Regeneron announces creative innovation 2021 winners

By Samantha Black, PhD, ScienceBoard editor in chief

August 3, 2021 -- Regeneron announced the winners of its ninth annual Regeneron Prize for Creative Innovation, a competition designed to recognize creativity and independent scientific thinking among postdoctoral fellows and graduate students focused on biomedical research. This year's winners included Sergey Stavisky, PhD, of Stanford University and Nitsan Goldstein of the University of Pennsylvania.

Requests for applications are distributed to academic institutions in the late fall each year. Institutions are asked to nominate two graduate students and two postdoctoral fellows. Nominees attend a virtual competition during which they present their "dream project" proposals for innovations in biomedical research to a select committee of Regeneron scientists and leaders. Each submission must also include the candidate's curriculum vitae and a sample of publications that enable the selection committee to review each nominee's scholarly productivity.
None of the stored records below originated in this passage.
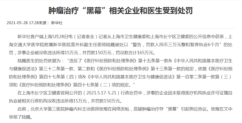 2021年5月,上海市长宁区卫健委对事件中被明确指向的上海嘉慷生物工程有限公司作出行政处罚决定,对涉事医生陆某作出警告、罚款与暂停执业的处罚决定,陆某所属的上海交通大学医学院附属新华医院也被处以警告和罚款。
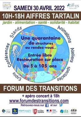 Venez participer au deuxième forum des transitions proposé par l’association Biodiversité Balanin et Torchepot et la Municipalité d’Aiffres avec le soutien de la Macif.
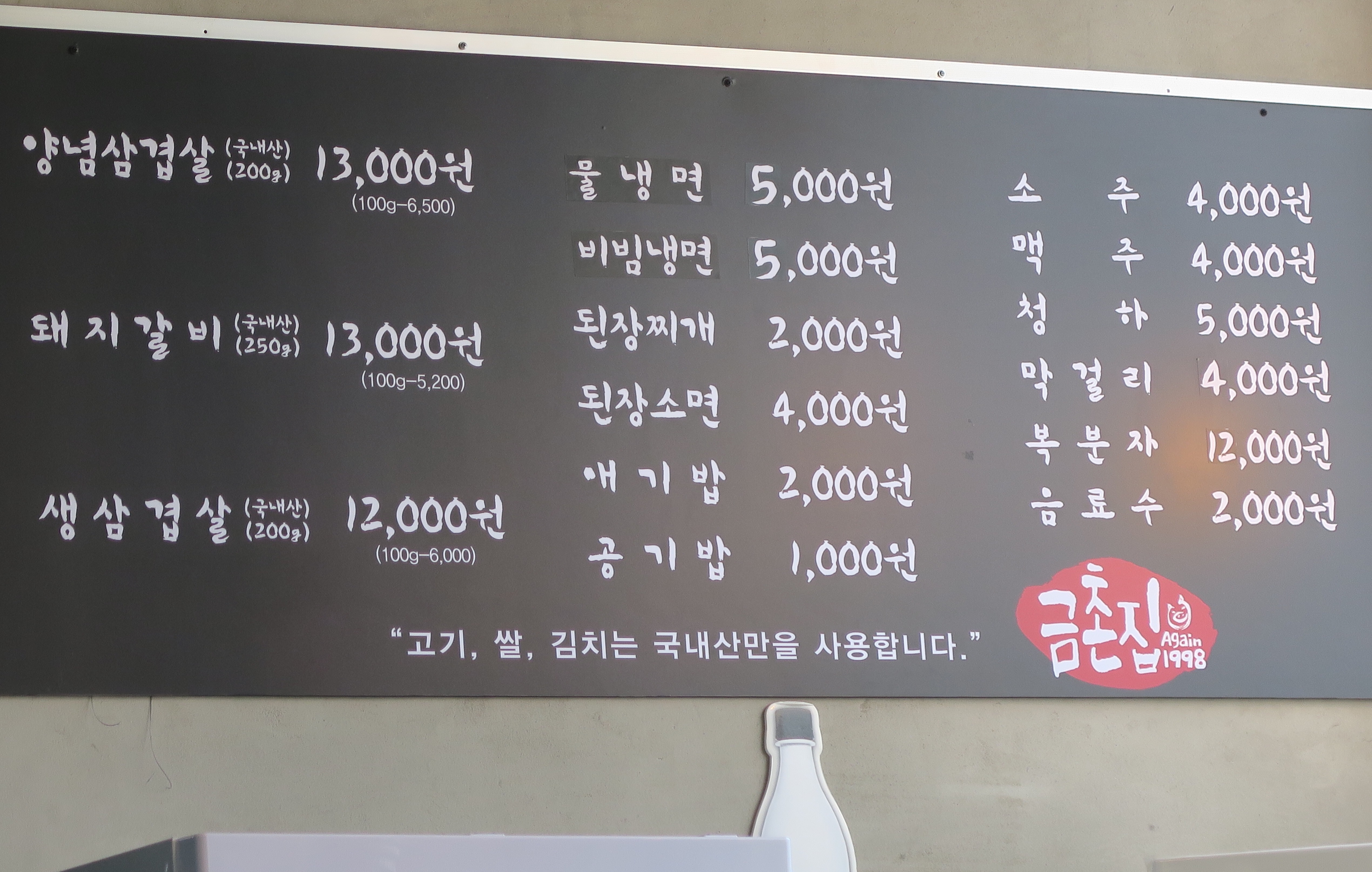 후평동 삼겹살 맛집 금촌집의 메뉴와 가격입니다.
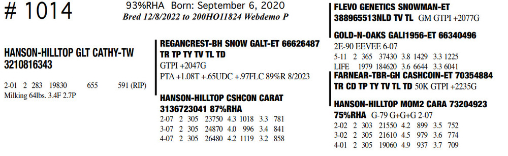 Milking 64lbs. 3.4F 2.7P 93%RHA Born: September 6, 2020
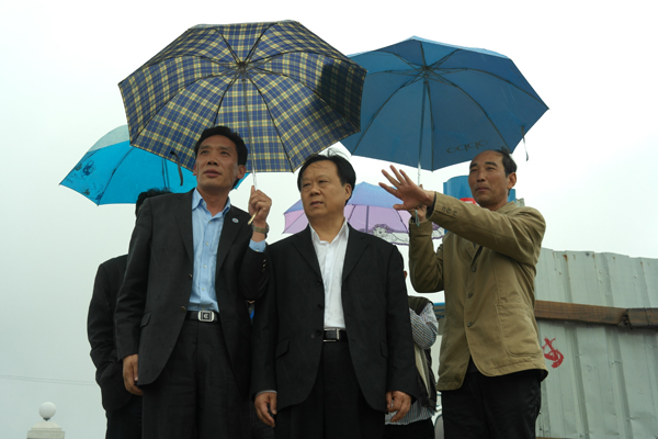 董事局主席李文健(中)在安徽分公司總經理陳德剛(左)的陪同下,冒雨視察項目工地
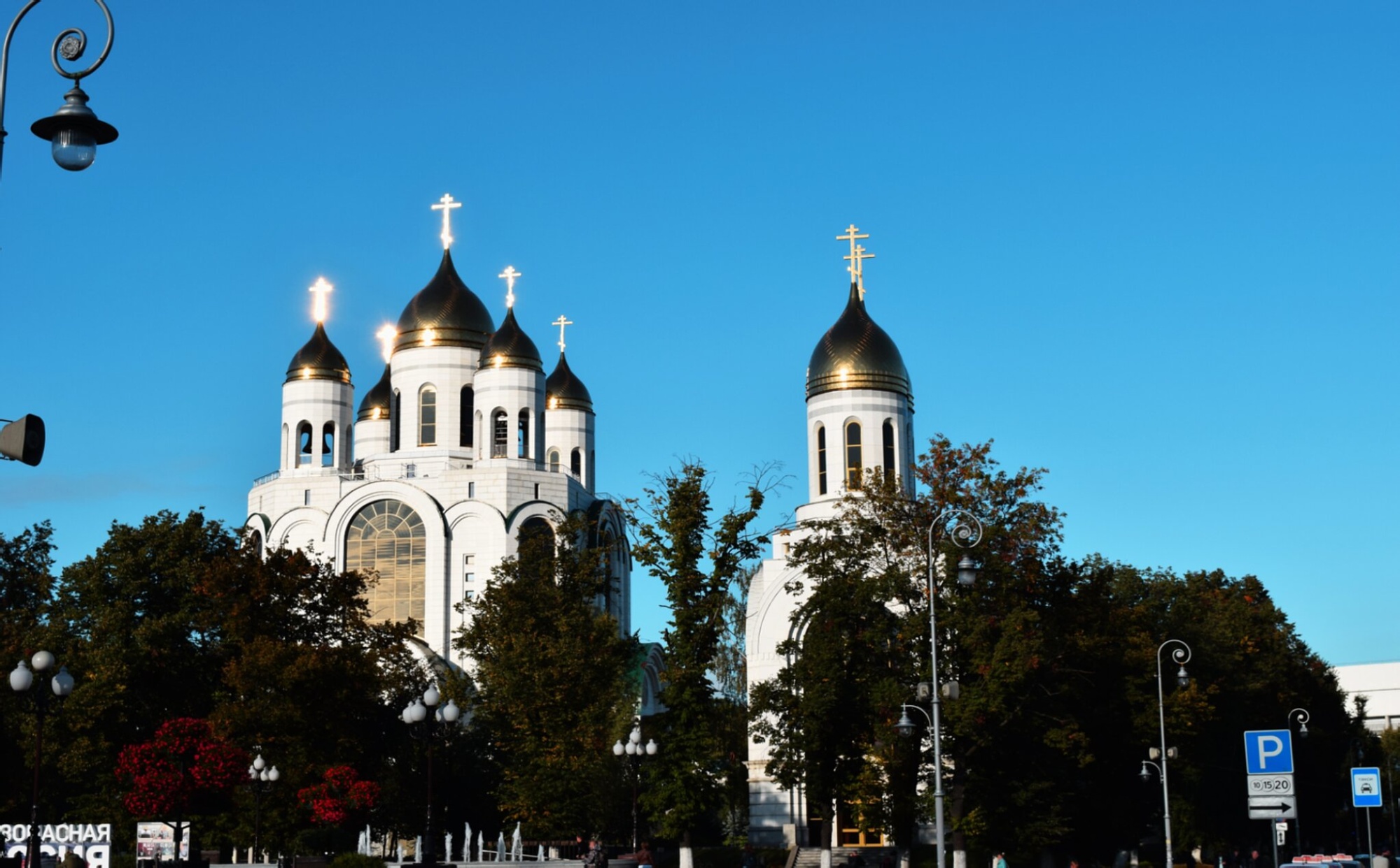 На фотографии запечатлён величественный Кафедральный собор во имя Христа Спасителя, являющийся кафедральным православным храмом Калининградской епархии Русской Православной Церкви. Этот величественный белокаменный собор, увенчанный златоглавыми куполами, сияющими под лучами солнца, возвышается в самом сердце города Калининграда на площади Победы.
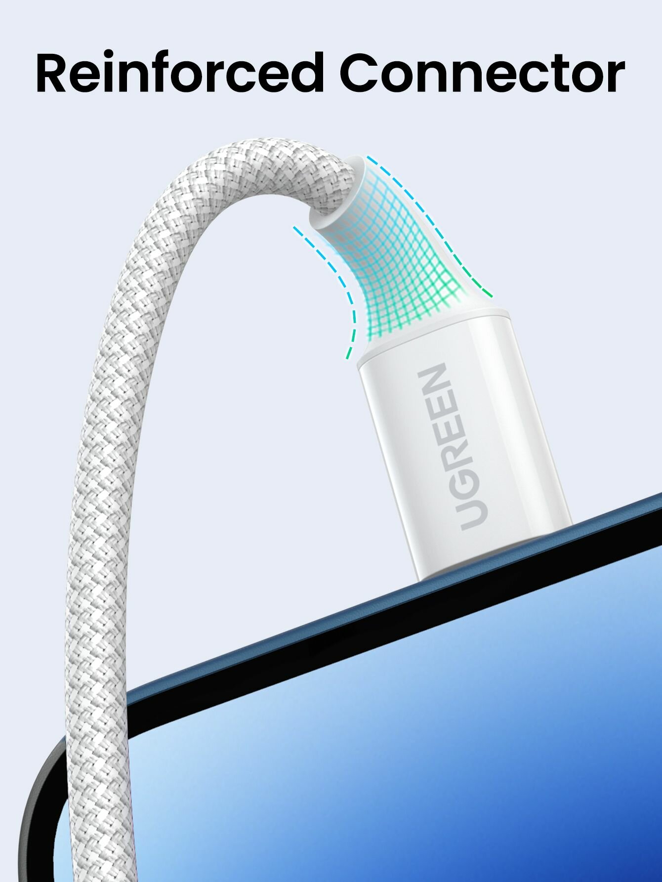 Кабель UGREEN US557 (15268) USB-C to USB-C PD Fast Charging Silicone Braided Cable. Длина: 1,5 м. Цвет: белый.

Stavisky and Goldstein each received $50,000 in prize money, along with a $5,000 donation to their institution. Additionally, 10 other finalists were awarded $5,000 each.

Stavisky, a postdoctoral researcher at Stanford, studies neuroscience and neural engineering. He has developed brain-computer interfaces to restore speech and complex arm movements in Stanford's neural prosthetics translational laboratory under the guidance of Dr. Jaimie Henderson and Krishna Shenoy, PhD. Stavisky hopes his work will inform approaches for applying technological innovations to restore people's ability to communicate and move.

Goldstein studies neuroscience in the laboratory of Nicholas Betley, PhD, at the University of Pennsylvania, where she is a doctoral candidate. Her work focuses on the neural control of food intake, specifically how the gut communicates with hypothalamic neurons to signal satiety and how these neurons affect downstream circuits to alter motivation and reward. Her research has potential applications to the treatment of obesity and other metabolic disorders.